At 7 pm on a Wednesday, three tables are occupied by the patrons all in their early 20s. Several are dressed in traditional wear. It’s a marriage of cultures that is visible in the menu and the decor.

“Among the most popular selfie spots is the smoking area on the terrace,” says Srijesh Kollum, 23, who is on the wait staff. “It’s a tiny space that is also quite windy, but people squeeze in to smoke and get hairflowing selfies with a cigarette.”

Commerce student Ujan Kalwa, 22 is a regular. “I am glad that Ranchi has moved beyond cafés,” he says. “Here we can finally get a couple of drinks, good Bollywood music and fancy food.” The venue is popular for corporate lunches and birthday parties, events that would otherwise be held in banquet halls and mall food courts.

The owners are also hiring local staff. Some simply return to the hometown editions of the city restaurants they’d worked at. Others find opportunities closer home.

Hoppipola has helped the local DJ Aakash, 25, get a permanent job. While most DJs in small towns live in fear of offending a local patron by not playing his favourite filmi number, Aakash says he gets to spin hip-hop to help it get better acceptance in Ranchi. “I mix hip-hop with Bollywood, because my customers love Bollywood songs.”

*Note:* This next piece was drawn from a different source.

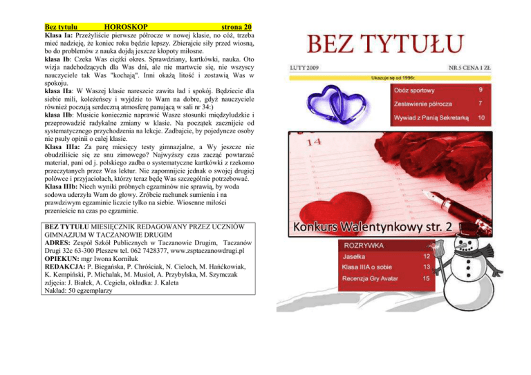 Bez tytułu HOROSKOP strona 20 Klasa Ia: PrzeŜyliście pierwsze półrocze w nowej klasie, no cóŜ, trzeba mieć nadzieję, Ŝe koniec roku będzie lepszy. Zbierajcie siły przed wiosną, bo do problemów z nauka dojdą jeszcze kłopoty miłosne. klasa Ib: Czeka Was cięŜki okres. Sprawdziany, kartkówki, nauka. Oto wizja nadchodzących dla Was dni, ale nie martwcie się, nie wszyscy nauczyciele tak Was "kochają". Inni okaŜą litość i zostawią Was w spokoju. klasa IIa: W Waszej klasie nareszcie zawita ład i spokój. Będziecie dla siebie mili, koleŜeńscy i wyjdzie to Wam na dobre, gdyŜ nauczyciele równieŜ poczują serdeczną atmosferę panującą w sali nr 34:) klasa IIb: Musicie koniecznie naprawić Wasze stosunki międzyludzkie i przeprowadzić radykalne zmiany w klasie. Na początek zacznijcie od systematycznego przychodzenia na lekcje. Zadbajcie, by pojedyncze osoby nie psuły opinii o całej klasie. Klasa IIIa: Za parę miesięcy testy gimnazjalne, a Wy jeszcze nie obudziliście się ze snu zimowego? NajwyŜszy czas zacząć powtarzać materiał, pani od j. polskiego zadba o systematyczne kartkówki z rzekomo przeczytanych przez Was lektur. Nie zapomnijcie jednak o swojej drugiej połówce i przyjaciołach, którzy teraz będę Was szczególnie potrzebować. Klasa IIIb: Niech wyniki próbnych egzaminów nie sprawią, by woda sodowa uderzyła Wam do głowy. Zróbcie rachunek sumienia i na prawdziwym egzaminie liczcie tylko na siebie. Wiosenne miłości przenieście na czas po egzaminie. BEZ TYTUŁU MIESIĘCZNIK REDAGOWANY PRZEZ UCZNIÓW GIMNAZJUM W TACZANOWIE DRUGIM ADRES: Zespół Szkół Publicznych w Taczanowie Drugim, Taczanów Drugi 32c 63-300 Pleszew tel. 062 7428377, www.zsptaczanowdrugi.pl OPIEKUN: mgr Iwona Korniluk REDAKCJA: P. Biegańska, P. Chróściak, N. Cieloch, M. Hańćkowiak, K. Kempiński, P. Michalak, M. Musioł, A. Przybylska, M. Szymczak zdjęcia: J. Białek, A. Cegieła, okładka: J. Kaleta Nakład: 50 egzemplarzy Bez tytułu WALENTYNKOWY KONKURS strona 2 Bez tytułu KRZYśÓWKA strona 19 KONKURS WALENTYNKOWY Drodzy Czytelnicy, zapewne zauwaŜyliście, Ŝe dzisiejsze wydanie gazetki jest wyjątkowe. Na tytułowej stronie jest przylepione serduszko z numerem. Waszym zadaniem jest znaleźć swoją połówkę, czyli osobę, która ma gazetkę, a na niej serduszko z tym samym numerem. Pierwsze dwie mieszane pary, które zgłoszą się do p. Iwony Korniluk otrzymają WALENTYNKOWĄ NIESPODZIANKĘ. Nie musisz nic robić, tylko znaleźć swoje przeznaczenie. Powodzenia w poszukiwaniach. Czekamy z niecierpliwością na WALENTYNKOWĄ PARĘ 1. 2. 3. 4. 5. 6. 7. 8. 9. 10. 11. Skóra zwierzęca pokryta sierścią; np. z norek Święto … Króli (6 grudnia) Jeździsz w nich na stoku Niezbędne w kuligu Są z lodu, ostre, zwisają z dachu Zimowa stolica Polski Pada raczej zimą jest biały, puszysty i zimny Maluje wzory na szybach, np. -20°C Damskie buty zimowe Oblegane zimą, Ŝeby na nie wejść musisz mieć łyŜwy, jest pokryte lodem Pierwszy miesiąc roku W zaznaczonych polach powstanie hasło, które naleŜy wpisać na kuponie konkursowym. Prawidłowe odpowiedzi na zamieszczonym poniŜej kuponie prosimy przynieść do Patrycji Biegańskiej z klasy IIa do 26.02.2010r. WŚRÓD UCZESTNIKÓW ZOSTANIE ROZLOSOWANA CENNA RZECZOWA NAGRODA!!! KUPON KONKURSOWY nr 5/2010 IMIĘ............................................ NAZWISKO................................ KLASA.......................................... HASŁO........................................ Bez tytułu SKĄD SIĘ WZIĘŁY WALENTYNKI strona 4 Dlaczego walentynki nazywają się walentynki, tego do końca nikt nie wie. Zwyczaj obchodzenia dnia zakochanych wywodzi się ze średniowiecznej Francji i był pierwotnie związany z początkiem ptasich godów. Legenda głosi, Ŝe walentynkowe kartki wysyła się na pamiątkę jednego z pierwszych chrześcijan, który przed męczeńską śmiercią napisał do swojej ukochanej krótki liścik kończący się słowami: „Od Twojego Walentego”. Przypuszcza się, Ŝe Dzień św. Walentego został ustanowiony ku czci dwóch świętych o tym imieniu. Pierwszym był rzymski kapłan, który za czasów cesarza Klaudiusza potajemnie udzielał ślubu zakochanym. Był za to prześladowany i został spalony na stosie. Albo uwaŜa się, Ŝe nazwa walentynek pochodzi od imienia włoskiego biskupa, patrona epileptyków, świętego Walentego. Święty Walenty od około 205 roku pełnił funkcję duszpasterza, był biskupem we włoskim mieście Terni. Posiadał niezwykłą łaskę uzdrawiania. Kiedy przeniósł się do Rzymu, w krótkim czasie stał się niebezpieczny dla interesów państwa, poniewaŜ pod jego wpływem nawróciło się wielu wybitnych obywateli Wiecznego Miasta, zafascynowanych jego darem. Dlatego teŜ, wtrącono świętego Walentego do więzienia. To właśnie tam, według tradycji, miał on przywrócić wzrok córce swego straŜnika, aby mogła wyjść za mąŜ. Właśnie dlatego, święty Walenty stał się opiekunem zakochanych, a jego święto, obchodzone 14 lutego, jest dniem, w którym przez ofiarowanie drobnego upominku okazujemy miłość bliskiej nam osobie. Dzień świętego Walentego to święto zakochanych. W Anglii widnieje w oficjalnym rejestrze juŜ od czasów Henryka VIII. Od kilku lat przyjęło się i u nas. Pierwszy raz w Polsce obchodzono je w 1922 r. Stanowi okazję, by zapewnić bliską sercu osobę o naszym uczuciu. Zwyczaj nakazuje, Ŝeby wysłać kartkę z Ŝyczeniami, ale nie podpisaną. Adresat sam powinien domyślić się, kto jest nadawcą. Miłym obyczajem jest teŜ wręczenie upominków, np. słodyczy, maskotek lub kwiatków. Na przesyłce lub upominku wręczanym osobiście koniecznie powinno być czerwone serduszko (moŜna je namalować lub nakleić gotowe). Tradycja podaje, Ŝe osoba, której tego dnia damy prezent, będzie z nami przez cały rok. Dziś walentynki to nie tylko święto zakochanych, ale takŜe okazja do zarobien

Restaurateur Riyaaz Amlani took the franchising route to launch Mocha Café and Bar in small cities like Guwahati. ‘We vet each franchise owner and dismiss those who are only interested in bragging rights,’ he says.
(Dhruba Dutta / HT Photo)

The need for resourceful, local partners is driving restaurateurs to opt for franchise models in Tier-2 cities. “We vet each franchise owner,” says Amlani, who has adapted the model for the expansion of Mocha Café. “We dismiss those who are only interested in bragging rights. They need to view it as a serious business.”

Other challenges include sourcing skilled manpower, specialised kitchen equipment and ingredients like porcini mushroom or bhut jolokia, which may not be available in a small city. So expenses can rise by 10%, say restaurateurs.

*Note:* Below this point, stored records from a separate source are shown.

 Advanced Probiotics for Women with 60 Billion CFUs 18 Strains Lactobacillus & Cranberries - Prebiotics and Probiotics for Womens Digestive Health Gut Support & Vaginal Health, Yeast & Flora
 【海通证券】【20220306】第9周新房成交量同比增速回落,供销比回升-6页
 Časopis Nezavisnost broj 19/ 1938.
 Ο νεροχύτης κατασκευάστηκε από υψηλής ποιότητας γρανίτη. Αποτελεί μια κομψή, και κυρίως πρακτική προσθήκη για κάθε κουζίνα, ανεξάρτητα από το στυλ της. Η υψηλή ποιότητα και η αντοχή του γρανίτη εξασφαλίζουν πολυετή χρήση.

Smaller cities are also picked based on their ease-of-business in terms of licensing. And Gujarat, being a dry state, remains off the radar for most restaurants that are driven by alcohol sales.

The main risk is ensuring a common standard in cities big and small, says Rahul Singh, president, National Restaurant Association of India (NRAI) and founder-CEO of The Beer Café, which is present in 11 cities, including Mohali, Ludhiana and Amritsar. “A customer expects the same experience. He visits your restaurant because he has seen you in a bigger city or at least heard about you,” he says. “In a big city, patrons can flit from one restaurant to another. In a smaller town, loyalty matters. A restaurant’s occupancy rate is lower than in a metro. So, if you don’t offer great food and vibe, you will lose your customer and it will affect business.”